## [Work item]
Please write out the listing exactly, leaving each picture out.

## [Dataset extract]
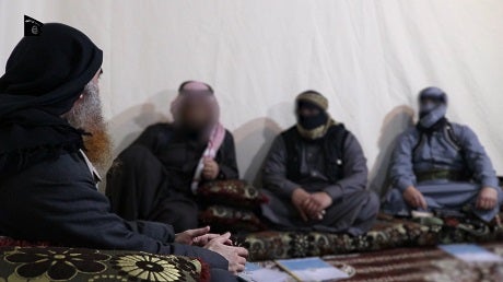 In this still from an 18-minute clip posted by ISIS media on messaging app Telegram, Baghdadi is purportedly shown seated with several lieutenants. April 29, 2019. Photo: ISIS media / Telegram
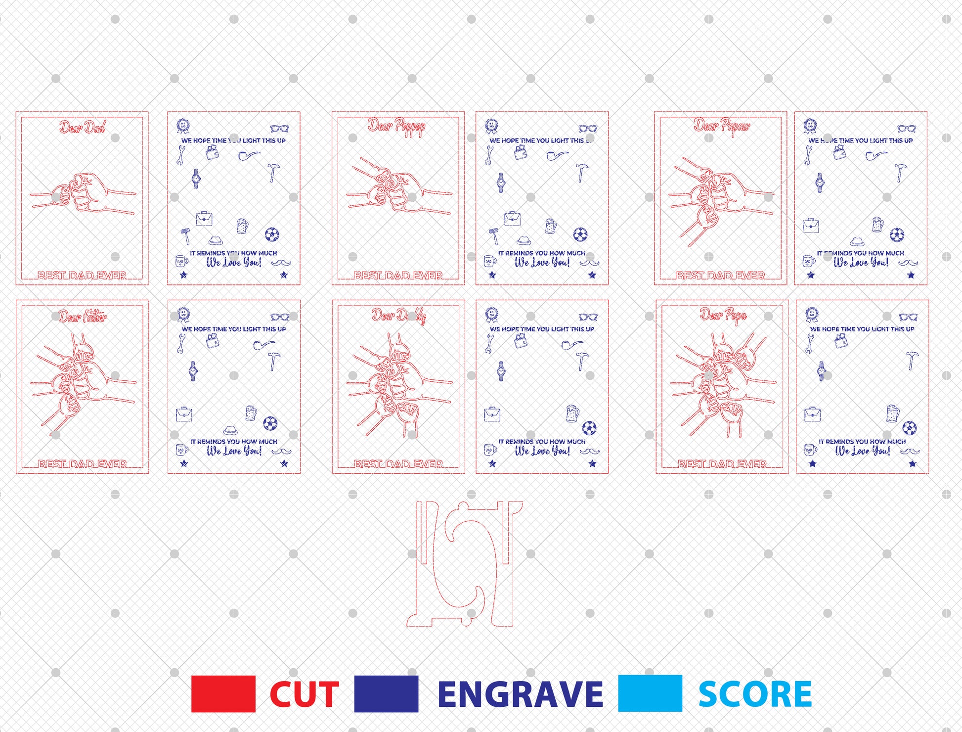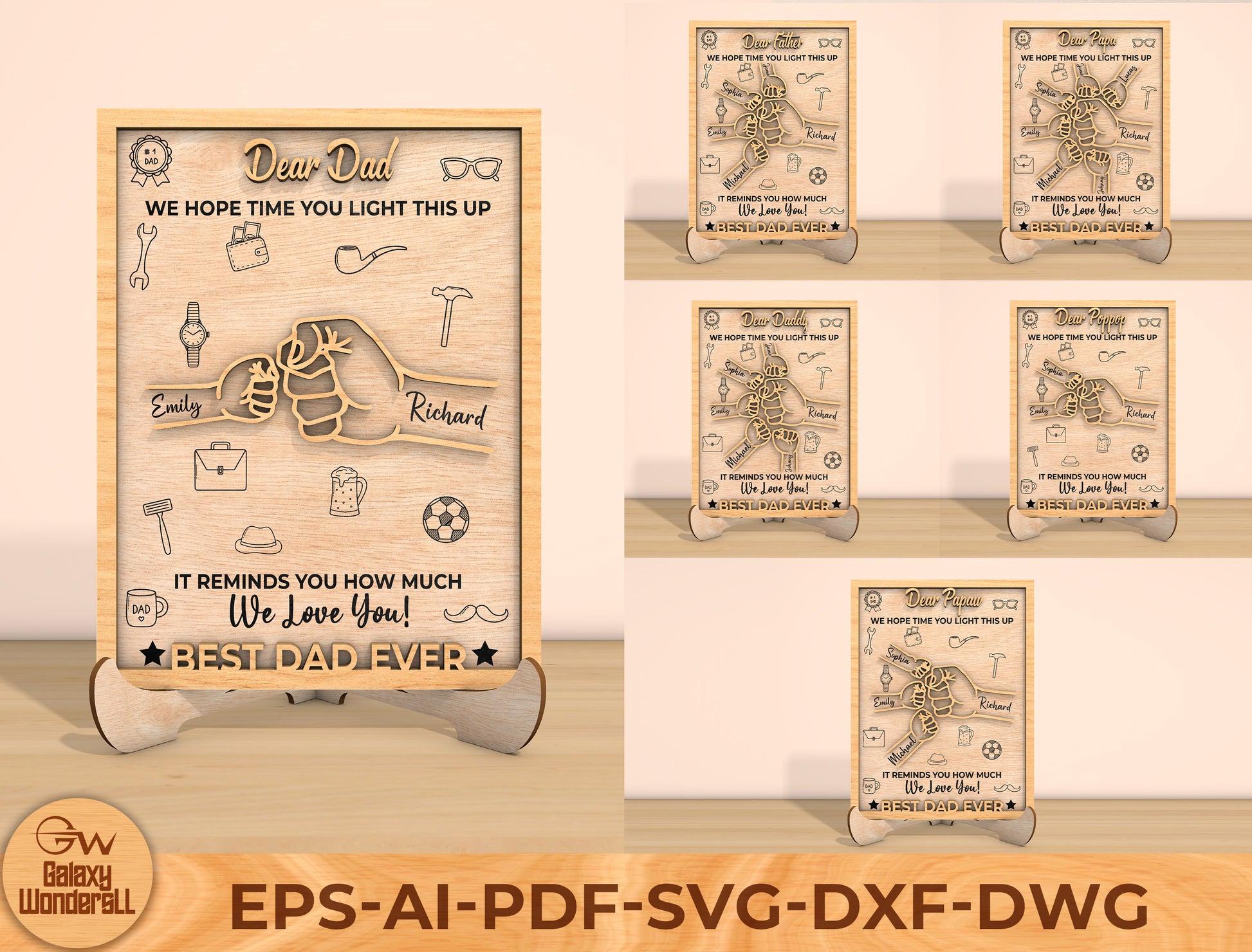 This laser cut design features a heartfelt Father’s Day standing sign with a central fist bump between a larger parent hand and smaller child hands, symbolizing love, connection, and appreciation. The design includes visible engraved text such as “Dear Dad” and “It reminds you how much we love you!”, along with a bold “Best Dad Ever” message at the bottom. Surrounding icons like tools, glasses, hats, and sports elements add a warm, everyday dad-themed touch. The design is shown with title variations such as Dad, Daddy, Papa, Popop, and Papaw.
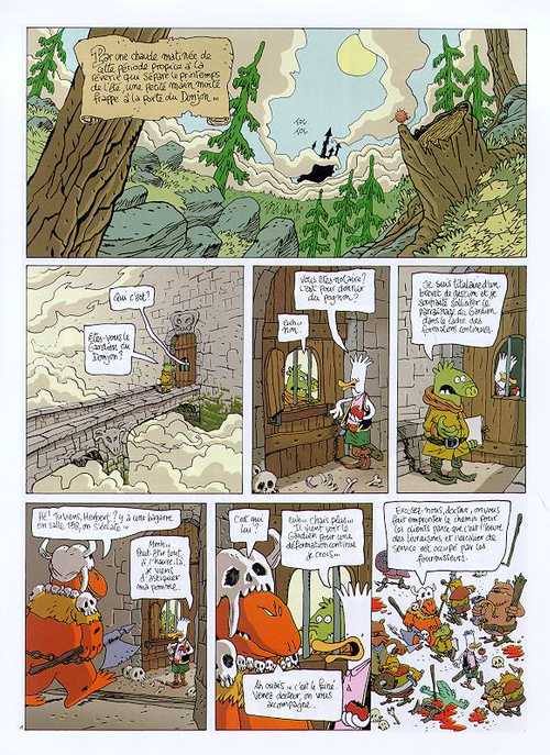 On se laisse porter par toute l’histoire de la première à la dernière page. Et tout ça en 32 pages et pas le 48CC. Tout est très carré et maîtrisé. Il faut dire qu’il y a des pros derrière avec Manu Larcenet, Joann Sfar et Lewis Trondheim. Ils sont habitués à tous les types de format et d’écriture. La quantité ne fait pas la qualité comme ce tome le prouve. Il y a les personnages récurrents de Donjon avec un lot de rebondissements assez surprenants et amusants. Une série qui sait toujours prendre à rebours les lecteurs pour les amuser avec dérision, folie et absurdité.
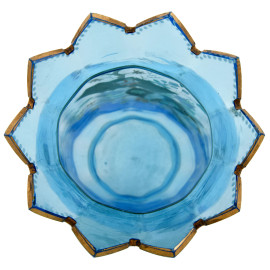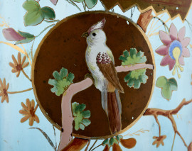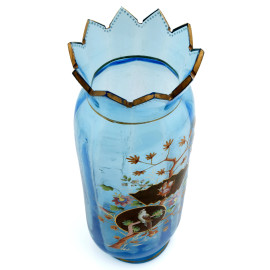 Vaso in vetro azzurro con decorazione policroma floreale, pappagallo e aratore, rifiniture in oro, Cina XX secolo, altezza cm 31,5, (cadute di colore e di doratura, segni di usura)
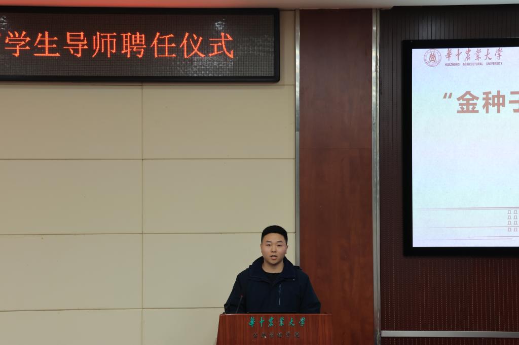 而后,樊华宣读了2023年“金种子成长帮扶计划”聘任学生导师名单,19位高年级本科生和硕士生受聘为学生导师,并为其颁发聘书。
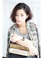 スタイリッシュな印象のナチュラルボブ☆無雑作仕上げ+かきあげた前髪でカッコよく!重さをのこしたベースに、カットで軽さをプラスして動きをプラス!グラデーションカラーで動きを強調させて。
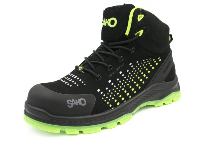 Trzewiki ochronne SAKO 05-005 S3 ESD to doskonałe połączenie nowoczesnych materiałów i zaawansowanych technologii, zapewniające najwyższy poziom ochrony i komfortu w wymagających środowiskach pracy. Wykonane z czarnej wodoodpornej mikrofibry, gwarantują trwałość oraz odporność na wilgoć, a wzmocnienie pięty z TPU zwiększa stabilność i przedłuża żywotność obuwia.
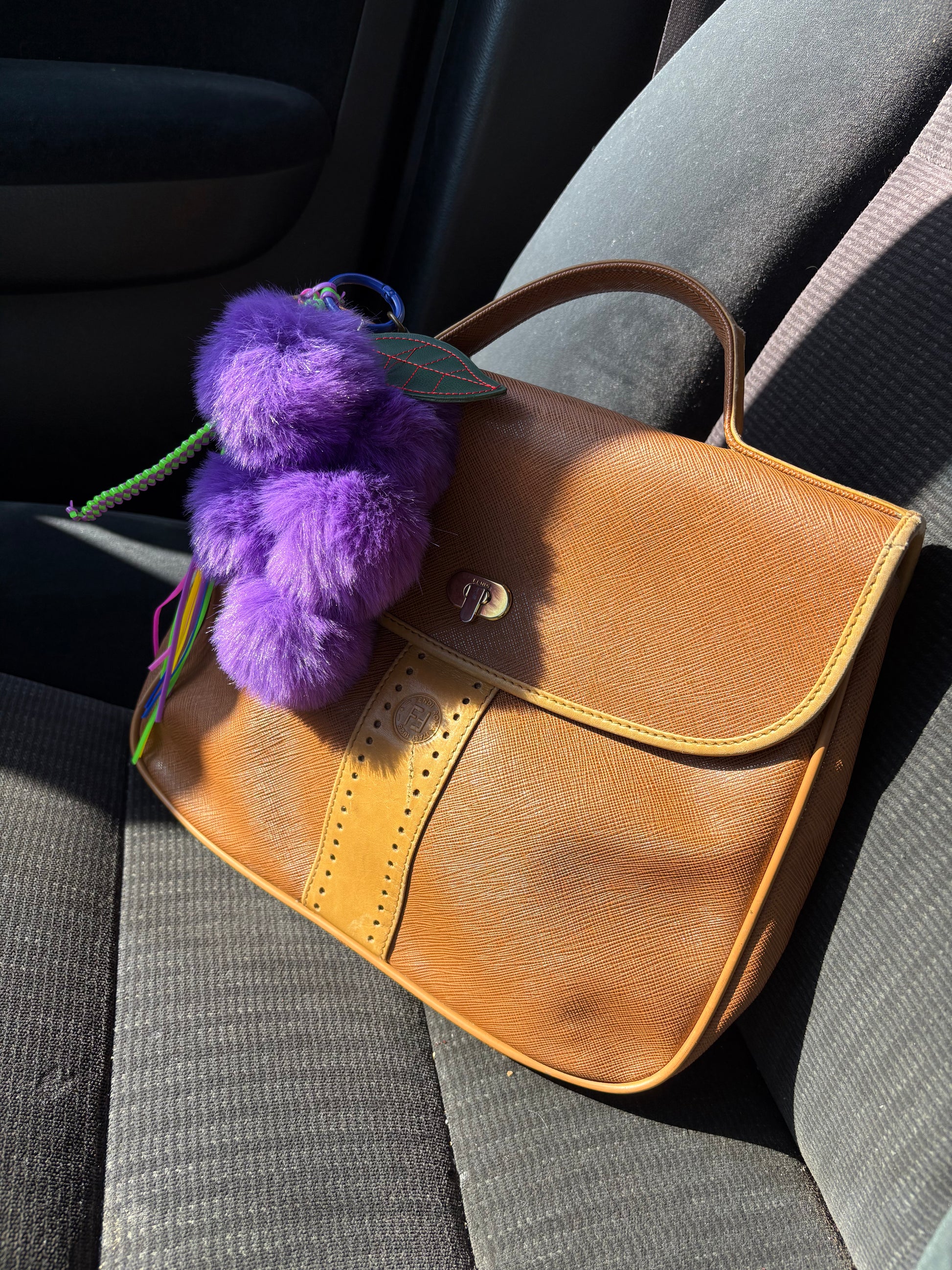 This fuzzy grape shaped charm features a unique butterfly gimp design and playful gimp tassel. Never lose your bag again in a sea of boring accessories.
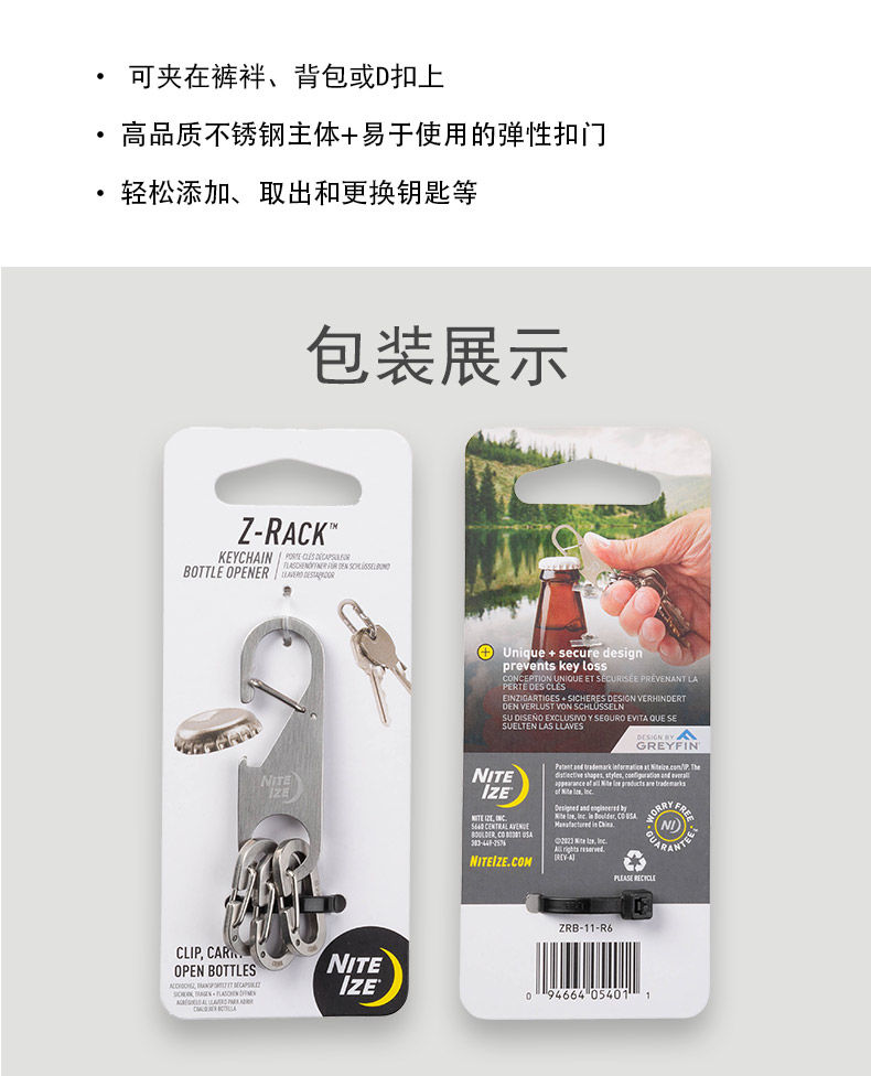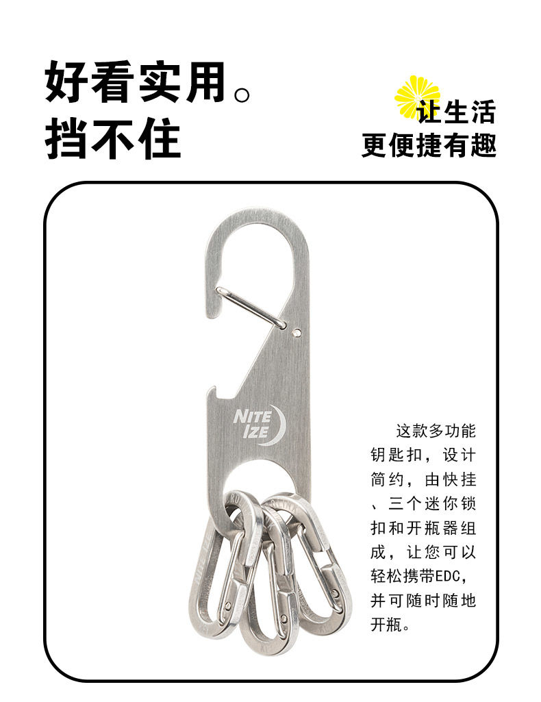 美国奈爱形开瓶钥匙扣不锈钢便携EDC多功能户外创意挂扣
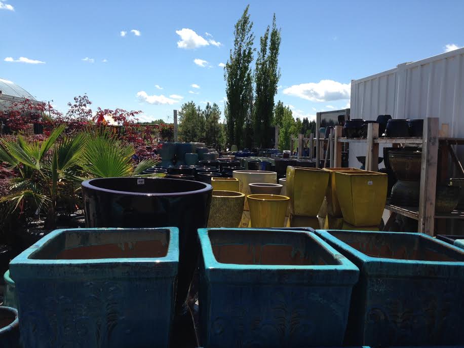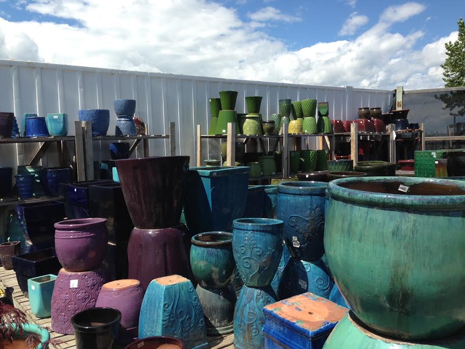 When I stopped by “Spruce It Up” garden centre in Calgary to pick up a couple plants I came across a treasure trove of ceramic pots. During my previous (first) visit, there, I was head-down in the rain, on a mission to find a Medora juniper, which I found and beat a hasty retreat. This trip I took my time looking around and found a wide variety of annuals and perennials as I would expect, but also a fantastic display of fountains, birdbaths, garden ornaments and piles of pots – displayed by colour – oh yes, the organizer in me was gleefully punching my gardener self in the arm. The possibilities!
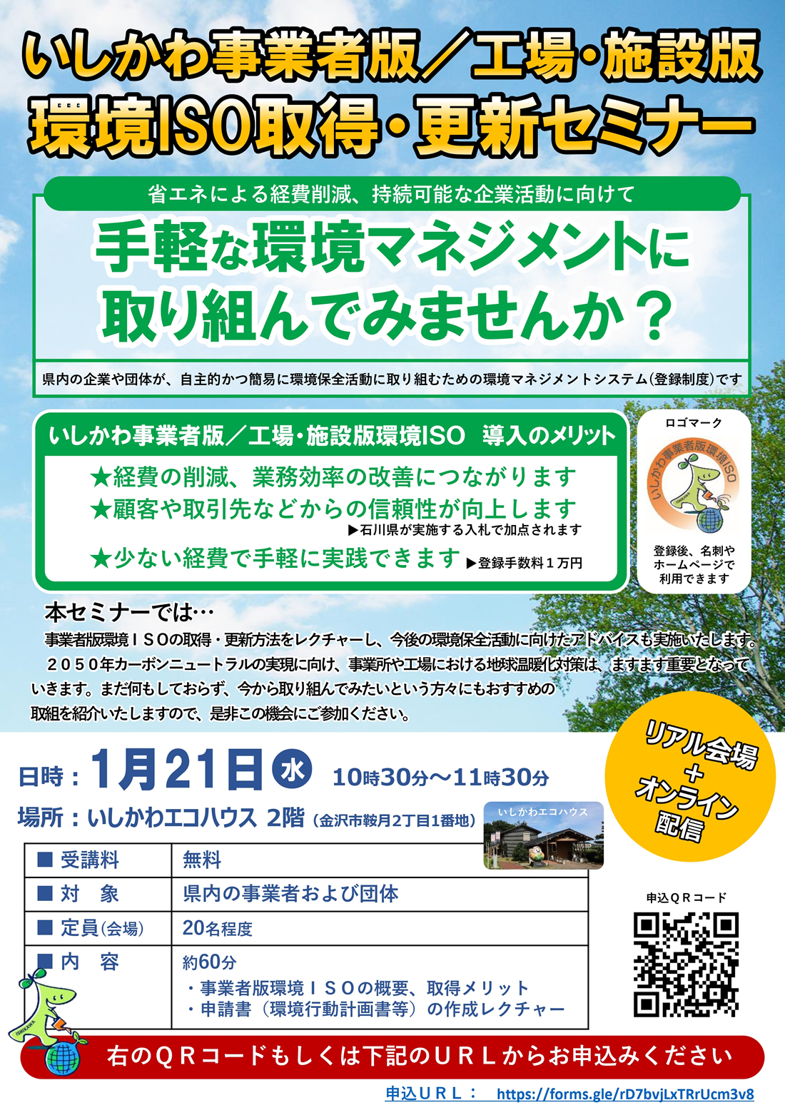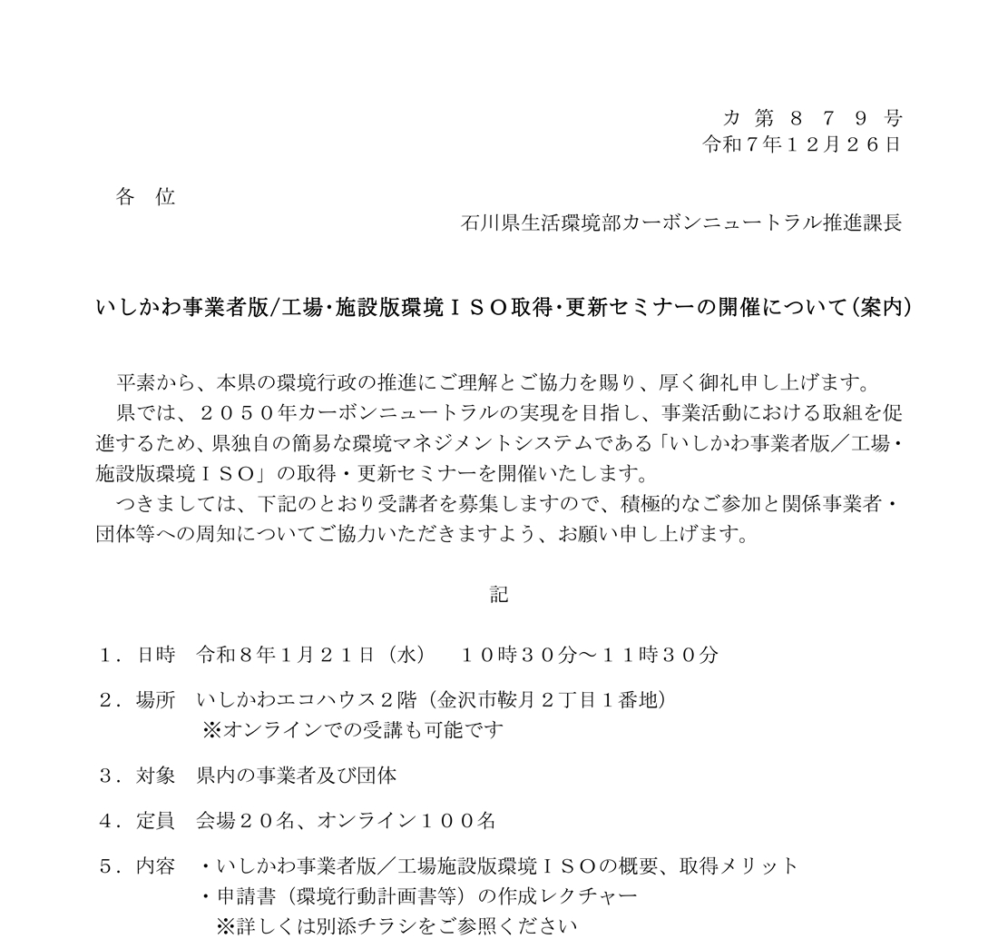 【石川県主催】いしかわ版環境ISO取得更新セミナーのご案内

## [Solution to this task]
 In this still from an 18-minute clip posted by ISIS media on messaging app Telegram, Baghdadi is purportedly shown seated with several lieutenants. April 29, 2019. Photo: ISIS media / Telegram
 This laser cut design features a heartfelt Father’s Day standing sign with a central fist bump between a larger parent hand and smaller child hands, symbolizing love, connection, and appreciation. The design includes visible engraved text such as “Dear Dad” and “It reminds you how much we love you!”, along with a bold “Best Dad Ever” message at the bottom. Surrounding icons like tools, glasses, hats, and sports elements add a warm, everyday dad-themed touch. The design is shown with title variations such as Dad, Daddy, Papa, Popop, and Papaw.
 On se laisse porter par toute l’histoire de la première à la dernière page. Et tout ça en 32 pages et pas le 48CC. Tout est très carré et maîtrisé. Il faut dire qu’il y a des pros derrière avec Manu Larcenet, Joann Sfar et Lewis Trondheim. Ils sont habitués à tous les types de format et d’écriture. La quantité ne fait pas la qualité comme ce tome le prouve. Il y a les personnages récurrents de Donjon avec un lot de rebondissements assez surprenants et amusants. Une série qui sait toujours prendre à rebours les lecteurs pour les amuser avec dérision, folie et absurdité.
 Vaso in vetro azzurro con decorazione policroma floreale, pappagallo e aratore, rifiniture in oro, Cina XX secolo, altezza cm 31,5, (cadute di colore e di doratura, segni di usura)
 而后,樊华宣读了2023年“金种子成长帮扶计划”聘任学生导师名单,19位高年级本科生和硕士生受聘为学生导师,并为其颁发聘书。
 スタイリッシュな印象のナチュラルボブ☆無雑作仕上げ+かきあげた前髪でカッコよく!重さをのこしたベースに、カットで軽さをプラスして動きをプラス!グラデーションカラーで動きを強調させて。
 Trzewiki ochronne SAKO 05-005 S3 ESD to doskonałe połączenie nowoczesnych materiałów i zaawansowanych technologii, zapewniające najwyższy poziom ochrony i komfortu w wymagających środowiskach pracy. Wykonane z czarnej wodoodpornej mikrofibry, gwarantują trwałość oraz odporność na wilgoć, a wzmocnienie pięty z TPU zwiększa stabilność i przedłuża żywotność obuwia.
 This fuzzy grape shaped charm features a unique butterfly gimp design and playful gimp tassel. Never lose your bag again in a sea of boring accessories.
 美国奈爱形开瓶钥匙扣不锈钢便携EDC多功能户外创意挂扣
 When I stopped by “Spruce It Up” garden centre in Calgary to pick up a couple plants I came across a treasure trove of ceramic pots. During my previous (first) visit, there, I was head-down in the rain, on a mission to find a Medora juniper, which I found and beat a hasty retreat. This trip I took my time looking around and found a wide variety of annuals and perennials as I would expect, but also a fantastic display of fountains, birdbaths, garden ornaments and piles of pots – displayed by colour – oh yes, the organizer in me was gleefully punching my gardener self in the arm. The possibilities!
 【石川県主催】いしかわ版環境ISO取得更新セミナーのご案内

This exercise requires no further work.